(Beginning of GIVEN MATERIAL)
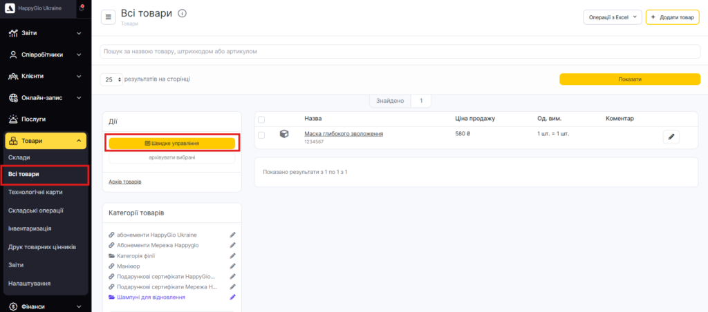 Для редагування інформації про товари в масовому порядку перейдіть до розділу Товари > Всі товари (режим Адміністрація) та натисніть кнопку Швидке управління.
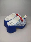 Celebrate the 50th anniversary of Hello Kitty with these stunning Crocs clogs! The blue glitter Siren design features the iconic character and is perfect for any casual occasion. The synthetic upper material and lining ensure maximum comfort, while the block heel style adds a touch of elegance. These slip-on clogs are perfect for any fan of Hello Kitty and come in women's size 7 and men's size 5. The glitter accents and Hello Kitty widgets make these shoes stand out from the rest. Don't miss out on the chance to add these stylish and comfortable Crocs to your collection!
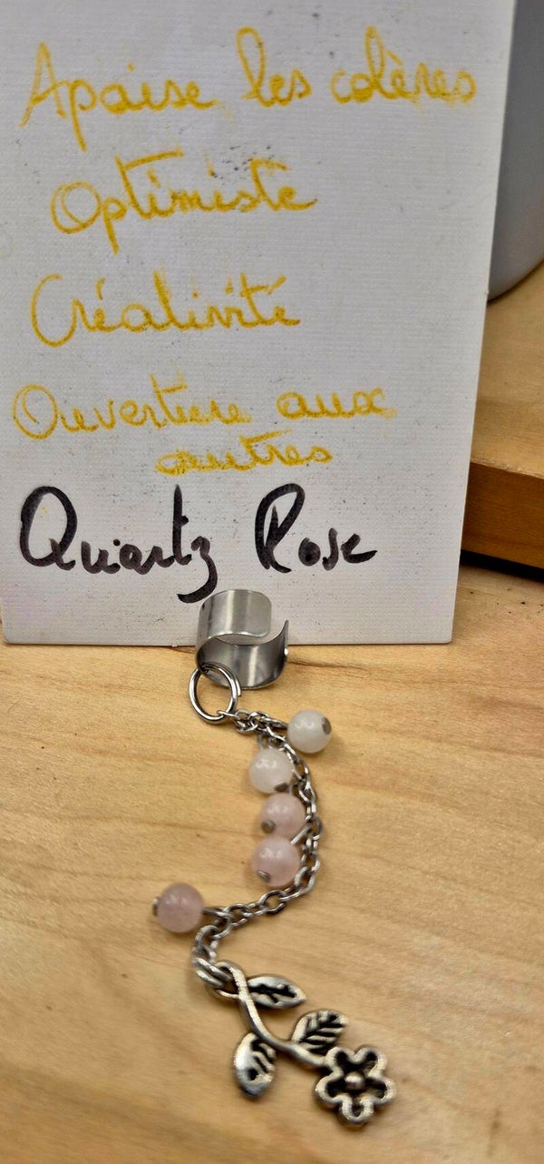Bague d'oreille en acier inoxydable , sur la chaîne on trouve 5 perles en uartz rose et une petite fleur en métal vient terminer le bijou
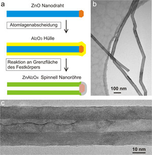 Herstellungsweg für Nanoröhren aus Nanodrähten (a). Mit dem Transmissionselektronenmikroskop ist zu sehen, wie sich die Spinell-Nanoröhren nach der thermischen Behandlung von Kern-Hüllen-Nanodrähten aus ZnO und Al2O3 bilden (b, c). Die meisten der erzeugten eindimensionalen Nanostrukturen sind über die gesamte Länge des vorherigen Nanodrahtes hohl. Die Forscher haben freistehende Nanoröhren von bis zu 20 Mikrometer Länge mit Durchmessern von 30 bis 40 Nanometern und Wandstärken von 10 Nanometern erzeugt. Diese zeichnen sich durch eine hervorragende Kristallinität und Gleichmäßigkeit aus. Diese Ergebnisse belegen die allgemeine Anwendbarkeit des Kirkendall-Effekts für die Herstellung von hohlen Nanoobjekten. Bild: Max-Planck-Institut für Mikrostrukturphysik
(End of GIVEN MATERIAL)
### BRIEF
Write out verbatim the lines from the one containing "Celebrate the 50th" through the last line of the listing above, and no other lines; omit pictures.

### FINAL ANSWER
 Celebrate the 50th anniversary of Hello Kitty with these stunning Crocs clogs! The blue glitter Siren design features the iconic character and is perfect for any casual occasion. The synthetic upper material and lining ensure maximum comfort, while the block heel style adds a touch of elegance. These slip-on clogs are perfect for any fan of Hello Kitty and come in women's size 7 and men's size 5. The glitter accents and Hello Kitty widgets make these shoes stand out from the rest. Don't miss out on the chance to add these stylish and comfortable Crocs to your collection!
Bague d'oreille en acier inoxydable , sur la chaîne on trouve 5 perles en uartz rose et une petite fleur en métal vient terminer le bijou
 Herstellungsweg für Nanoröhren aus Nanodrähten (a). Mit dem Transmissionselektronenmikroskop ist zu sehen, wie sich die Spinell-Nanoröhren nach der thermischen Behandlung von Kern-Hüllen-Nanodrähten aus ZnO und Al2O3 bilden (b, c). Die meisten der erzeugten eindimensionalen Nanostrukturen sind über die gesamte Länge des vorherigen Nanodrahtes hohl. Die Forscher haben freistehende Nanoröhren von bis zu 20 Mikrometer Länge mit Durchmessern von 30 bis 40 Nanometern und Wandstärken von 10 Nanometern erzeugt. Diese zeichnen sich durch eine hervorragende Kristallinität und Gleichmäßigkeit aus. Diese Ergebnisse belegen die allgemeine Anwendbarkeit des Kirkendall-Effekts für die Herstellung von hohlen Nanoobjekten. Bild: Max-Planck-Institut für Mikrostrukturphysik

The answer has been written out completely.